Dakera is a self-hosted memory server that provides persistent, decay-weighted vector recall. The DakeraRetriever lets an agent fetch the most relevant documents for a query from a Dakera namespace, using Dakera’s text-query API (embeddings are generated server-side), so it can be used as a retrieval-augmented context source.

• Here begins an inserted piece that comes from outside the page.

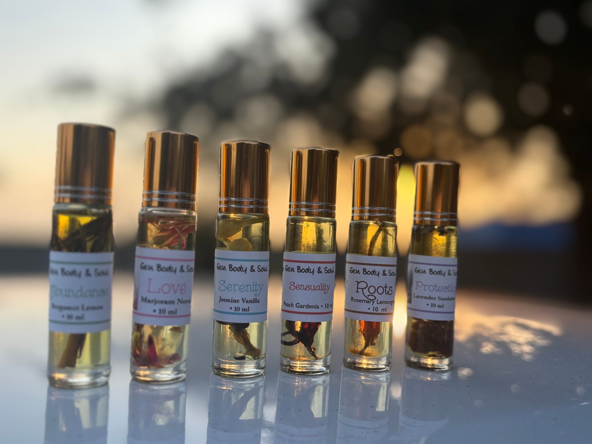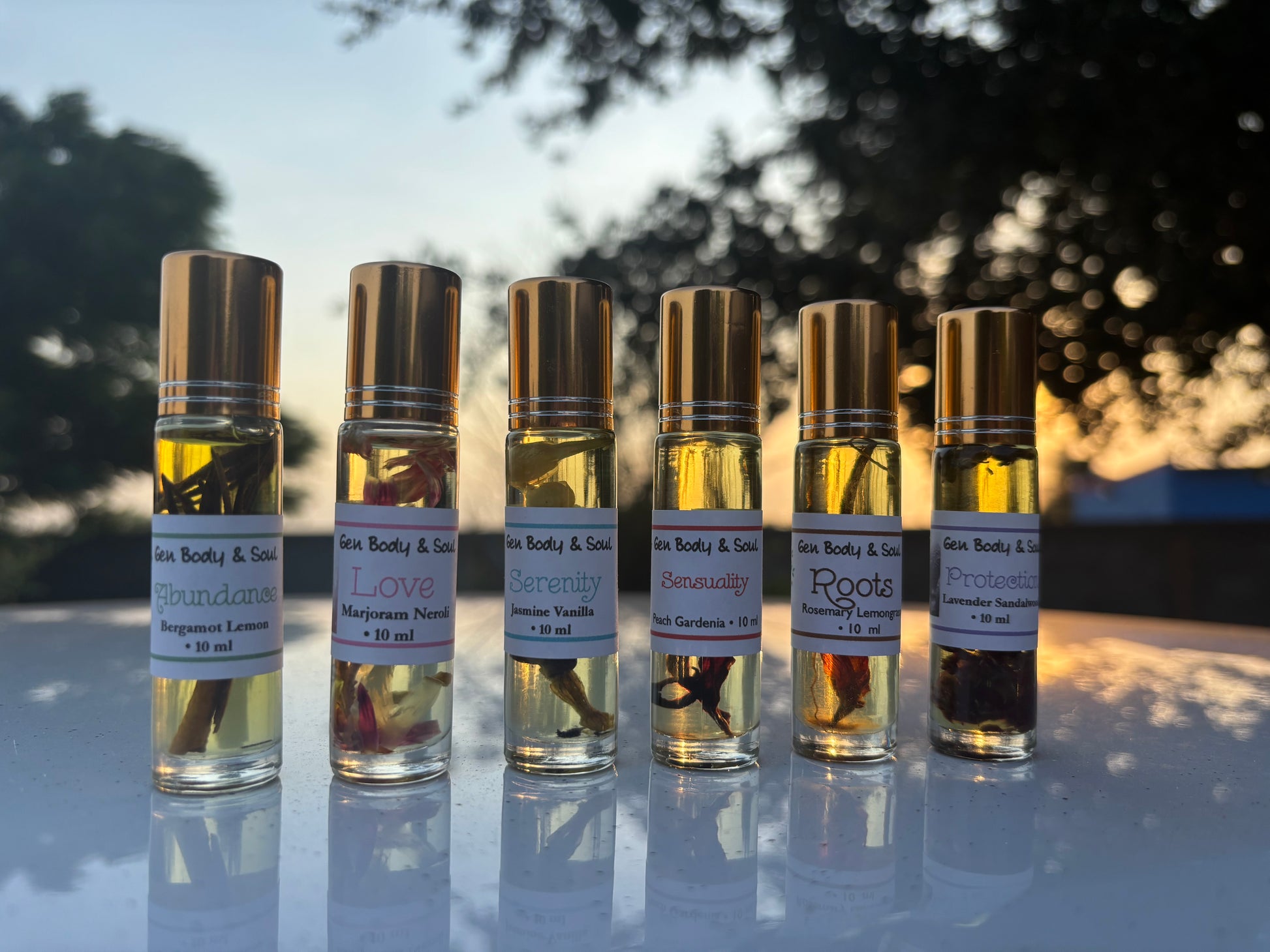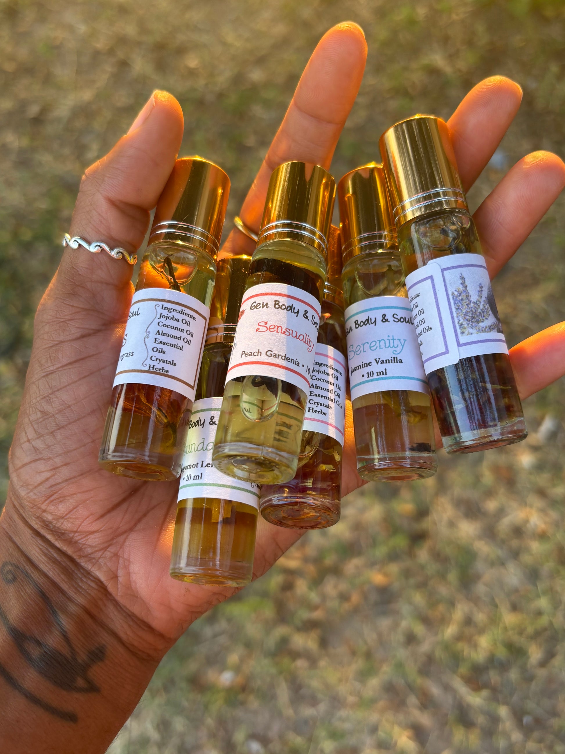 Elevate your daily rituals with The Seven Realms Roll-Ons, a luxurious collection of all-natural blends crafted with essential oils and infused with the healing power of crystals. Each roll-on is thoughtfully designed to align with energy and intentions, offering a unique experience of balance, clarity, and calm. Whether you seek to uplift your spirit, soothe your mind, or ground your energy, this set has a blend for every moment. Find out which of our oils resonates with you most ! . Perfect for self-care or gifting, this set bring nature’s essence and crystal energy into the palm of your hand.

Dakera runs beside your app; the canonical way to run it is the dakera-deploy docker-compose stack (server + object store, default port 3000).

Terminal window
pip install "agent-squad[dakera]"

DakeraRetrieverOptions accepts:

| Option | Default | Description | | ----------- | ------------------------- | ------------------------------------------------------------------------------ | | namespace | (required) | The Dakera namespace to query. | | api_key | DAKERA_API_KEY env | Dakera API key (a dk-... token). | | url | DAKERA_URL env, else http://localhost:3000 | Base URL of the Dakera server. | | top_k | 10 | Maximum number of results to return. | | filter | None | Optional Dakera metadata filter applied to the query. |

You can add a DakeraRetriever to a BedrockLLMAgent (or any agent that accepts a retriever), so the LLM generates responses grounded in the documents retrieved from your Dakera namespace:

from agent_squad.agents import BedrockLLMAgent, BedrockLLMAgentOptions
from agent_squad.retrievers import DakeraRetriever, DakeraRetrieverOptions
orchestrator.add_agent(
BedrockLLMAgent(BedrockLLMAgentOptions(
name="My personal agent",
description="Answers questions using context retrieved from Dakera.",
streaming=True,
inference_config={
"temperature": 0.1,
},
retriever=DakeraRetriever(DakeraRetrieverOptions(
namespace="my-docs",
top_k=5,
)),
))
)

You can also use the retriever on its own:

import asyncio
from agent_squad.retrievers import DakeraRetriever, DakeraRetrieverOptions
retriever = DakeraRetriever(DakeraRetrieverOptions(namespace="my-docs", top_k=5))
# Raw results (list of TextSearchResult with .id / .score / .text / .metadata)
results = asyncio.run(retriever.retrieve("How many languages are spoken worldwide?"))
# Or a single combined context string, ready to pass to an LLM
context = asyncio.run(
retriever.retrieve_and_combine_results("How many languages are spoken worldwide?")
)

Set DAKERA_API_KEY (and optionally DAKERA_URL) in your environment, or pass api_key/url explicitly in the options. DakeraRetriever is retrieval-only, so retrieve_and_generate is not supported — use retrieve or retrieve_and_combine_results and let your agent’s LLM generate the response.